In a 64-bit system, where processes have 16 EiB (17179869184 GiB) of address space to work with, making a guarantee that
MAP_FIXED will always succeed within a certain address range is trivial.
However the Linux kernel makes no such guarantees, in the name of security. The kernel tries to randomize the locations that things are mapped into address space in order to mitigate certain kinds of attacks. If an attacker can take advantage of a buffer overrun to modify the return address on the call-stack, they can convince the processor to jump to any location in memory, such as libc's
system function which executes a shell command. This attack, however, hinges upon the attacker knowing where the
system function is in memory.
One approach they could take would be to run their own program on the same system (presumably as a user with fewer privileges than the target process), and use
dlsym to find the location of the
system function in memory. This obviously only works if libc is loaded into the same address space in both processes. On older systems, this is not as unrealistic as it sounds, but fortunately this approach won't work on modern OSs.
However, brute forcing the location of libc is quite possible in some circumstances. Address space layout randomization is an attempt to make brute forcing unfeasible. By randomly dispersing the stack, heap, program, and libraries in address space, the chance of any given attempt in a brute-force attack succeeding is greatly reduced. On 32-bit systems, the address space is too small for sufficient entropy and in best-case conditions (for the attacker) they can be brute forced in a matter of minutes.
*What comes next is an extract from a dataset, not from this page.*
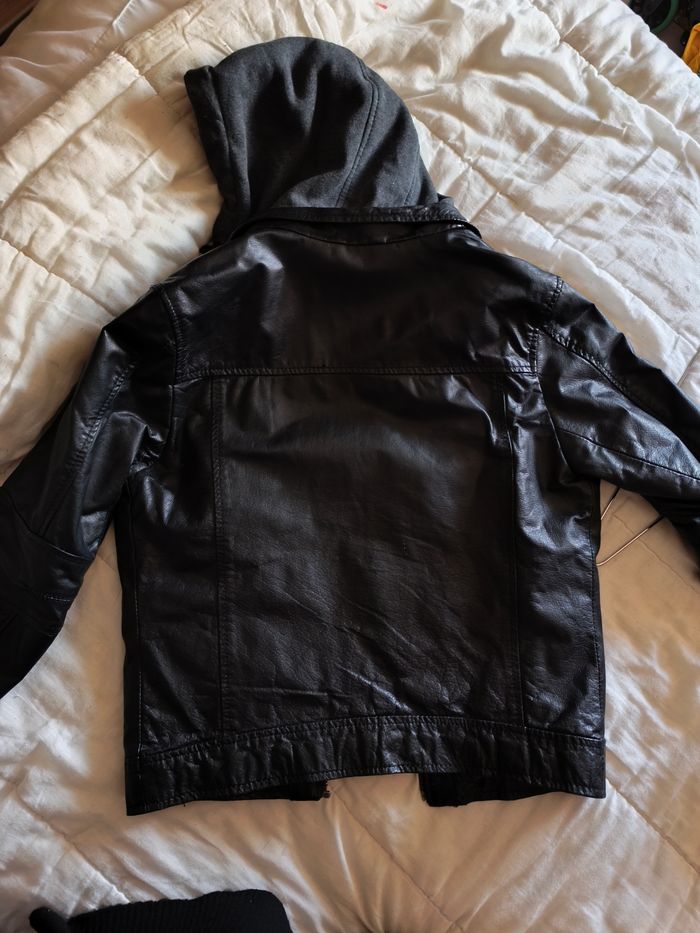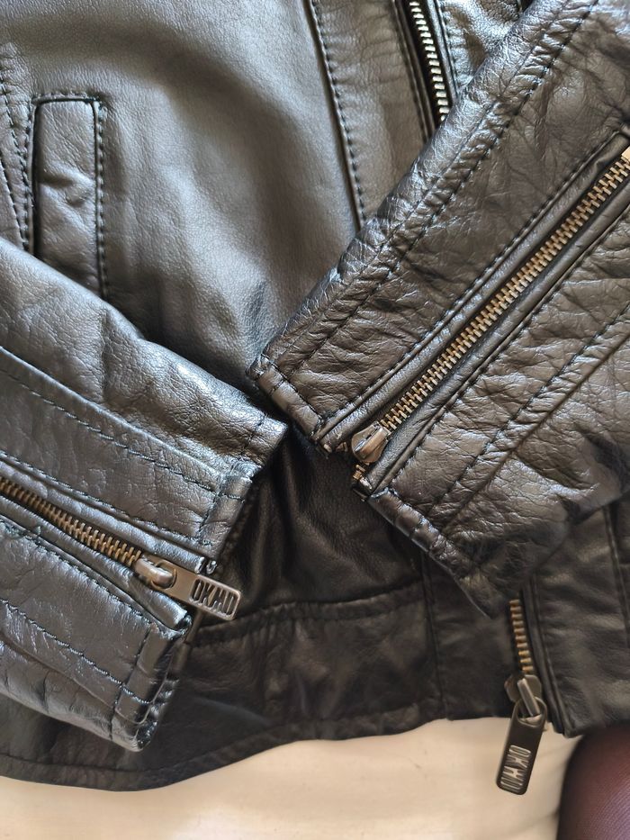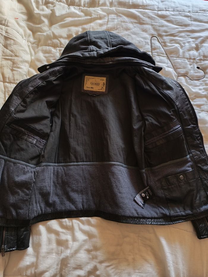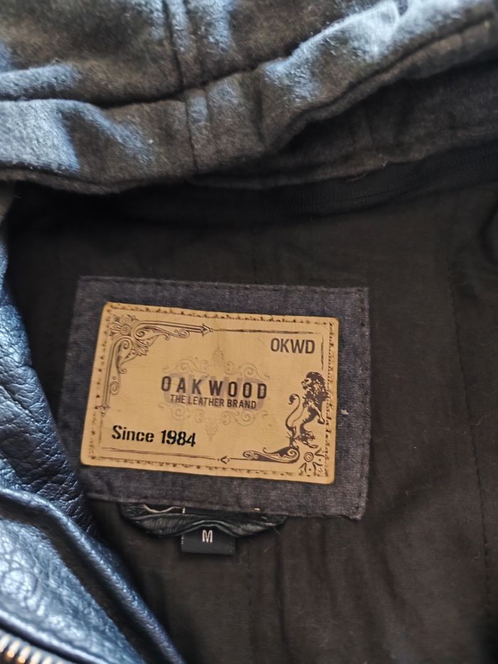 Très jolie veste en véritable cuir de buffle . Marque oakwood. Taille M. Capuche amovible. Très bon état ( tirette d'une manche manquante)

With the larger address space of 64-bit systems, the best-case expected time for brute forcing measures in the days, more than enough time for a sysadmin to notice the anomalous behavior.
The kernel takes full advantage of the large address space to create entropy, so there are no unused address ranges to be reserved for fixed mappings.
I'd like to argue that OSs should reserve a huge, constant range of addresses for programs to manage as they see fit. Specifically I want the entire upper half of the address space, all 8 exbibytes of it. This would mean that address space layout randomization loses one bit of entropy, halving the time of brute force attacks. But even in the best conditions, these attacks take days — is 2 days instead of 4 really any more of a vulnerability?
But having this much reserved address space would be incredibly useful for games like Minecraft. The game could map a file into the entire reserved address space. This wouldn't require having 8 EiB of disk space because files created with
mmap are sparse, and disk space is only allocated for those sections that are actually modified. This address space could support a minecraft world that is at least 226x226x256 blocks, which is infinite from the player's perspective.
This implementation would offload several behaviors from the game to the operating system, making for a simpler implementation. Serializing and unserializing would be eliminated, persisting and deallocating inactive chunks would be handled by the same highly tuned system that implements swap memory, multiple save files would be replaced by a single sparse file. Indirect references within the save file would be actual pointers rather than array offsets, increasing performance.
It's worth mentioning that these benefits aren't limited to just a certain genre of video game. Databases are an example of a "serious" application that would benefit from reserved address ranges. Mongodb uses
mmap to improve file IO performance, but if it could map the entire database into memory, references between records could be implemented pointers rather than IDs, reducing the number of calculations involved in queries and increasing performance.
As I mentioned in the beginning, I am not an expert in this area. Please comment if something is in need of correction.